42: Could you name specific steps leading us in that direction?

PB: Ideas and concepts on how to rethink and organize communities in a globalized world beyond the supposed “factual constraints” of acceleration, growth, innovation and profit maximization imperatives are actually all there. It is the question of how to implement them that matters. We need new power structures, new ways of participation and decision making in companies, institutions and, last but not least, in our shared macro-institution of negotiating and governing social processes – the state. Therefore, besides debating carbon taxes, ownership structures and the disempowerment of big data monopolies, we need to debate a reform of our representative democracy. A two chamber system, in which one chamber of parliament is elected and the other is selected by lot, as proposed by David Van Reybrouck in his book “Against Elections: The Case of Democracy”, could be a promising step in that direction, for example.

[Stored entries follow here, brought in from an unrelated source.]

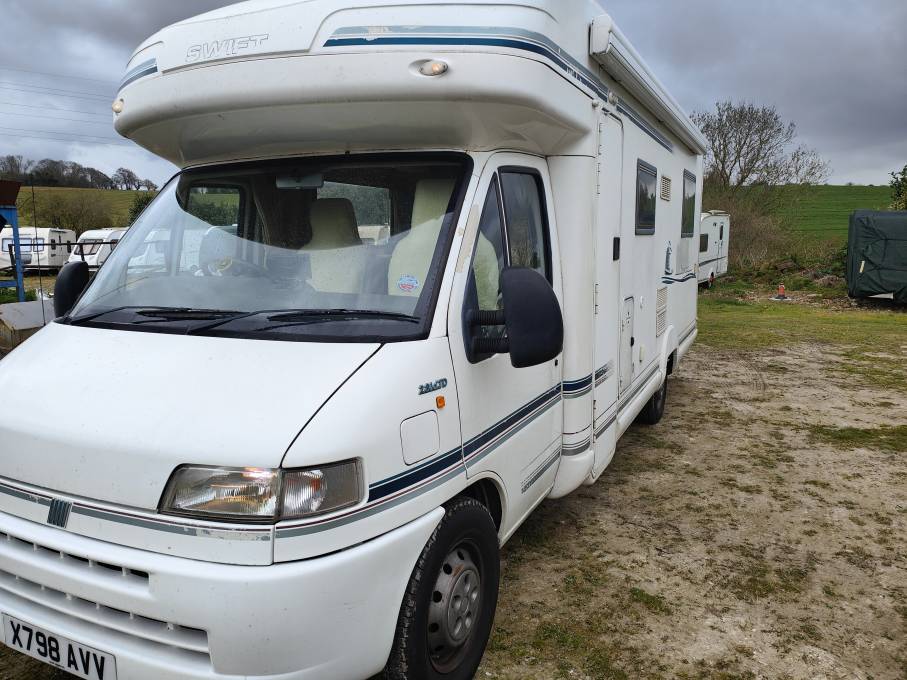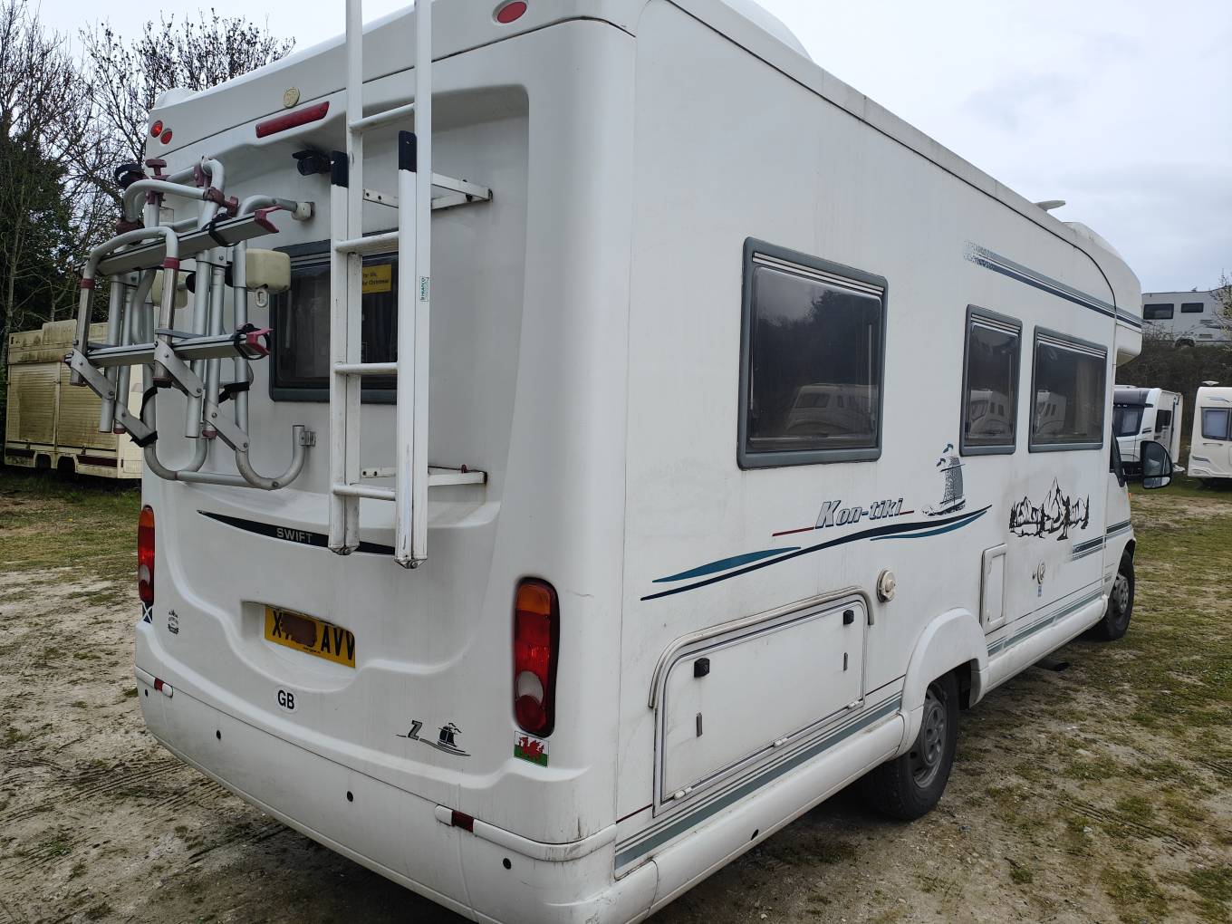 This is a lovely example of Swifts flagship Kontiki Z. This 24ft long motorhome has 3 berths and 3 seatbelts and weighs in at only 3500kgs so can be driven by all. Featuring a unique fixed bed to the rear, a well equipped centre kitchen and bathroom with separate shower and a large seating area to the front that utilises a rotating cab seat. Based on the excellent Fiat Ducato 2.8 turbo diesel with power steering. This example also includes an awning, bike rack, tv and aerial, solar panel, microwave and a reverse camera. Based in Kent and more pictures available. Awaiting preparation.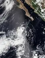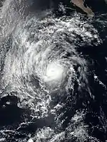 On August 18, a tropical wave moved off Africa. It inconspicuously crossed the Atlantic and emerged into the East Pacific on August 27. A broad area of low pressure formed in association with increased convective activity, leading to the formation of Tropical Storm Juliette by 00:00 UTC on September 1. The newly formed storm quickly organized amid favorable conditions, becoming a hurricane by 12:00 UTC on September 2 and entering a period of rapid intensification. Within a day, Juliette attained its peak at Category 3 intensity with winds of 125 mph (200 km/h). Beyond that time, the cyclone's eyewall collapsed and caused a persistent weakening trend. Juliette degenerated to a remnant low 06:00 UTC on September 7 to the west of Baja California Sur. The low drifted west and dissipated early on September 9.[23]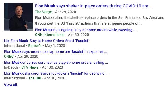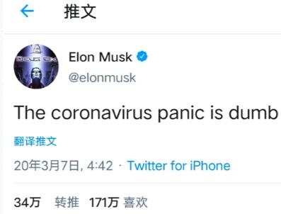 消息一出,人们纷纷站出来指责马斯克的冷血和贪婪,称马斯克就是一位血腥资本家,只考虑到自己公司的盈利、自己的财富,完全不考虑美国人民的死活。还拿出之前同样“断章取义”的推特作为辅证,“新冠传染病是愚蠢的(The coronavirus pandemic is dumb)”,来证明马斯克对于人民生命的冷漠,然而原文并不是如此。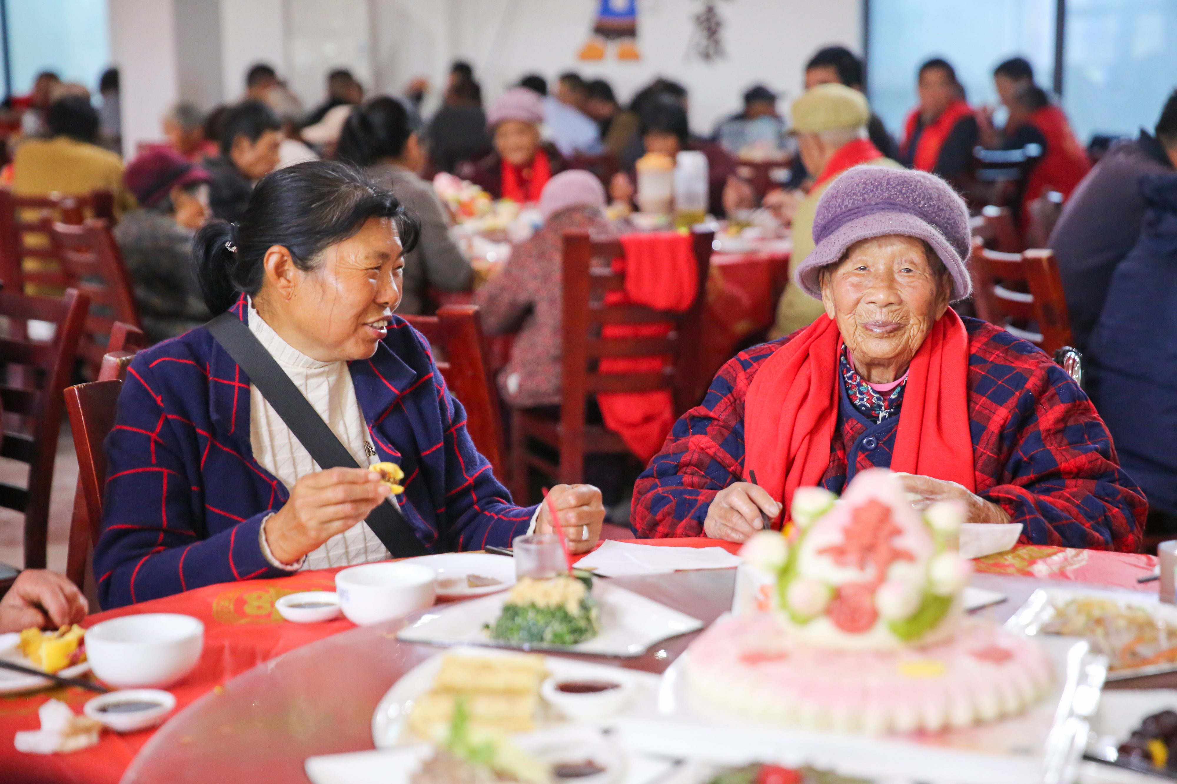 宴聚团圆,礼敬寿星。作为活动的“重头戏”,百岁宴在《百善孝为先》的悠扬旋律中温馨开席。老人们与家属、工作人员围坐一桌,品尝热乎饭菜,畅谈家常,团圆的氛围感染着在场每一个人。宴席尾声,社区还为每位90周岁及以上老人送上“心意礼包”,礼包内装满实用好物,既是节日的礼物,更是社区对老人们沉甸甸的牵挂。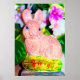 Small rabbit statue with African violets in background. Decorative Easter rabbit. Kitsch art and design. Kitschy decor and extremely sentimental. Classic film photography from Minolta Vintage 35mm Camera. Perfect gift for rabbit decoration lover.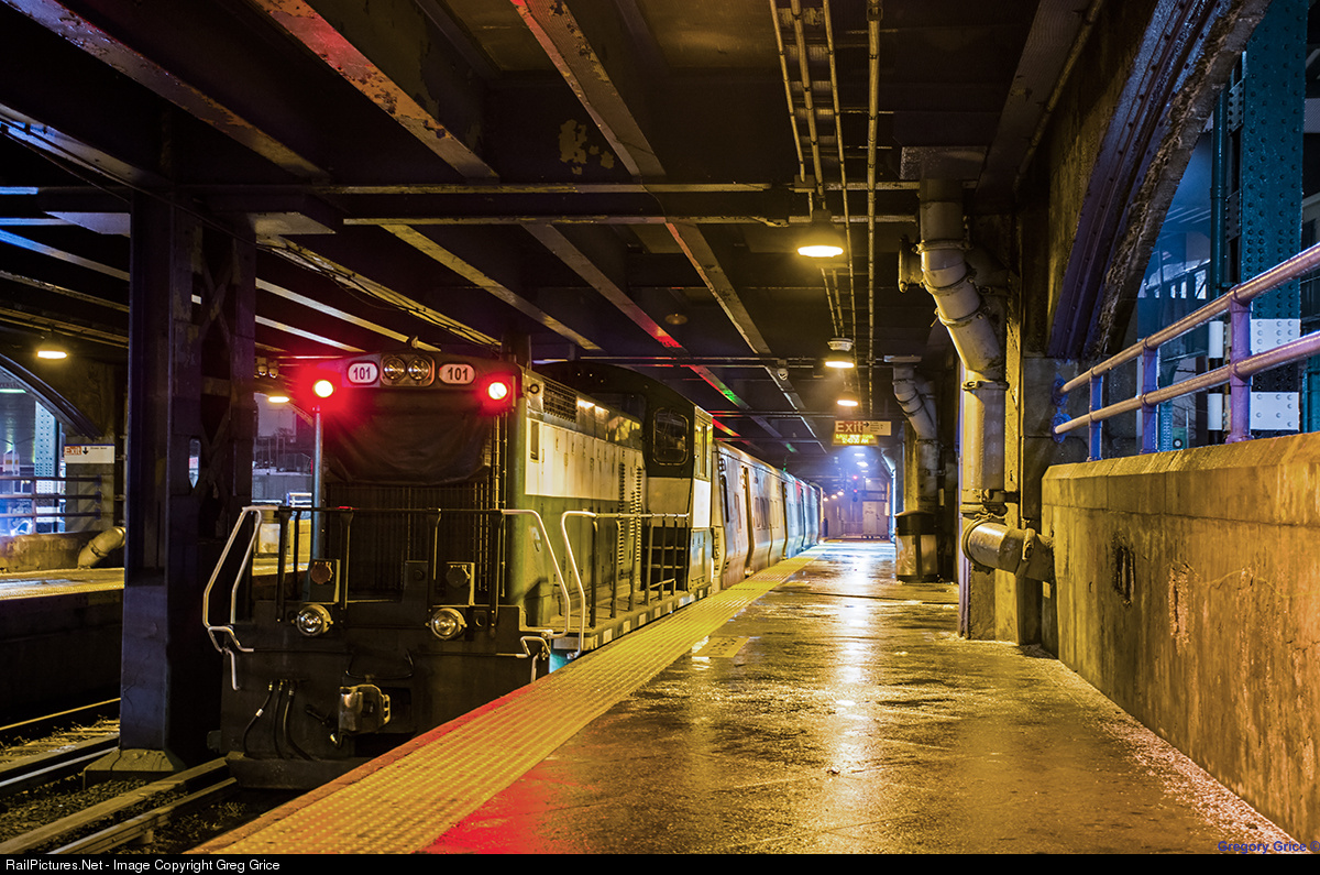 "Long Island Wreck Extra at East New York" LIRR Wreck Extra 100 awaits the signal at East New York on the Atlantic Branch on it's way to Hillside Yard. Wreck Exta 100 is tasked with transporting the damaged M7 pair (7553/7554) of the train that ran into the bumper block a week prior with a SW1001 on either end. This is the first time diesels have traversed the Atlantic Branch in over a decade.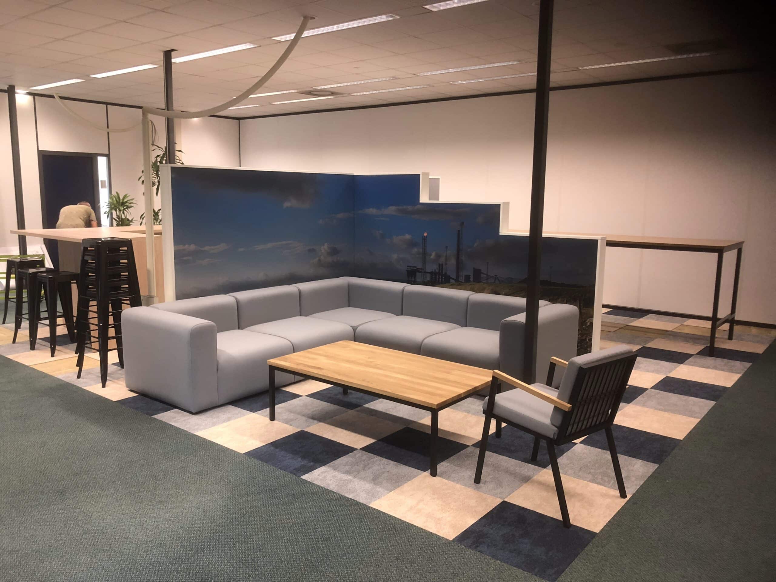 Voor een gewaardeerde relatie hebben we een warme en functionele vergaderruimte gerealiseerd. In samenwerking met een architect hebben we voor een groot metaalbedrijf in Velsen-Noord een sfeervolle vergaderruimte ontworpen. De ruimte is ingericht met meerdere vergadereilandjes en een akoestische scheidingswand, stijlvol afgewerkt met een gepersonaliseerde stoffering met foto.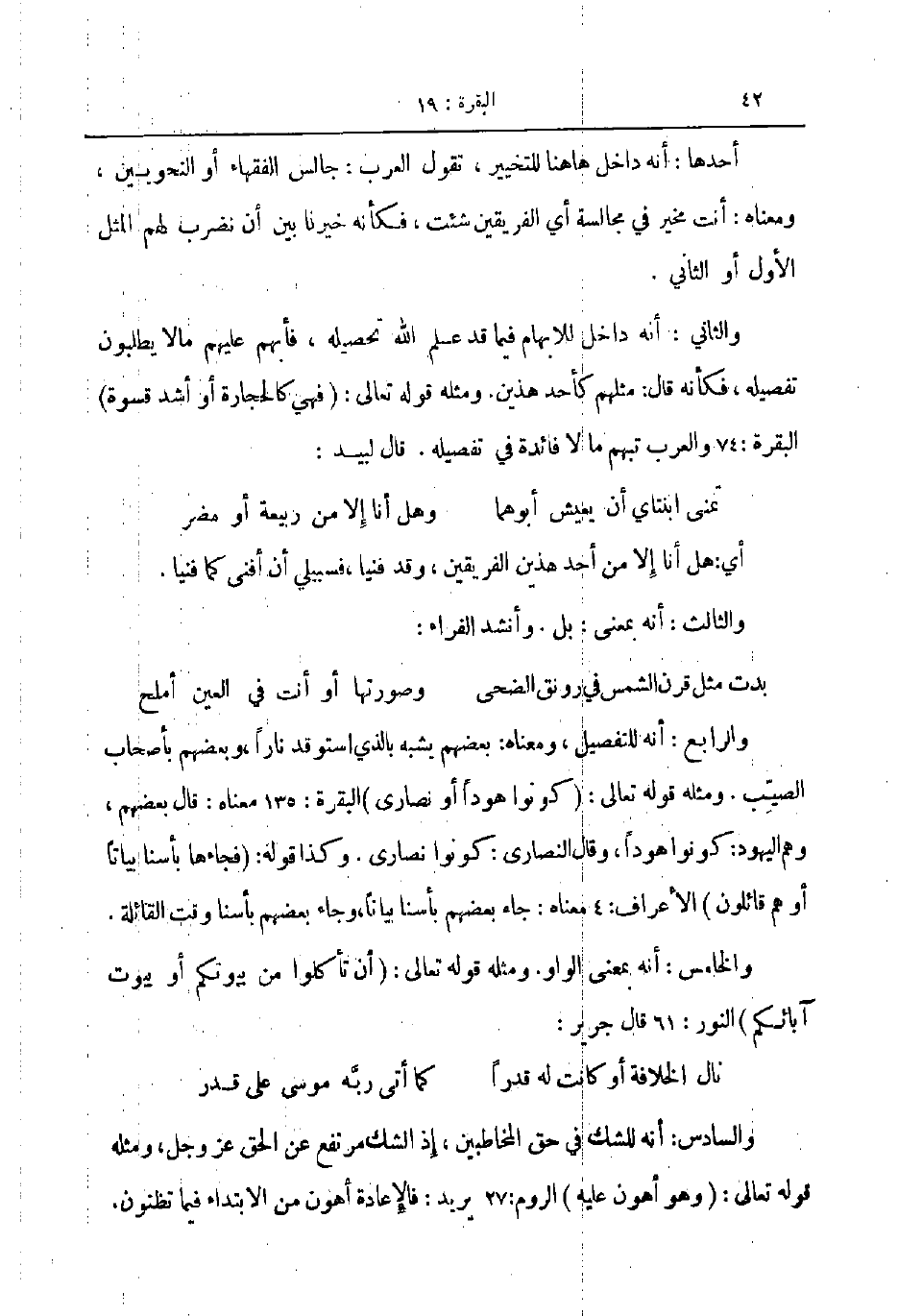 والرابع أنه للتفصيل ومعناه بعضهم يشبه بالذي استوقد نارا وبعضهم بأصحاب الصيب ومثله قوله تعالى كونوا هودا أو نصارى البقرة 135 معناه قال بعضهم وهم إليهود كونوا هودا وقال النصارى كونوا نصارى وكذا قوله فجاءها بأسنا بياتا أو هم قائلون الأعراف 4 معناه جاء بعضهم بأسنا بياتا وجاء بعضهم بأسنا وقت القائلة

It is pretty clear to me already that we will not find answers to the problems ahead of us in the ideas and concepts of the 20th Century – especially, if we acknowledge that digital transformation in our current economy will intensify energy and resource consumption further. The extent to which the use of (digital) technology can be beneficial in establishing a different set of values that protects our privacy and the biosphere thus depends on the values and goals we set ourselves as a society. Before everything and everyone can be digitally connected, it must therefore first be clarified why and to what end we choose to undergo such change: Thinking, values, and goals should come first, digital transformation second.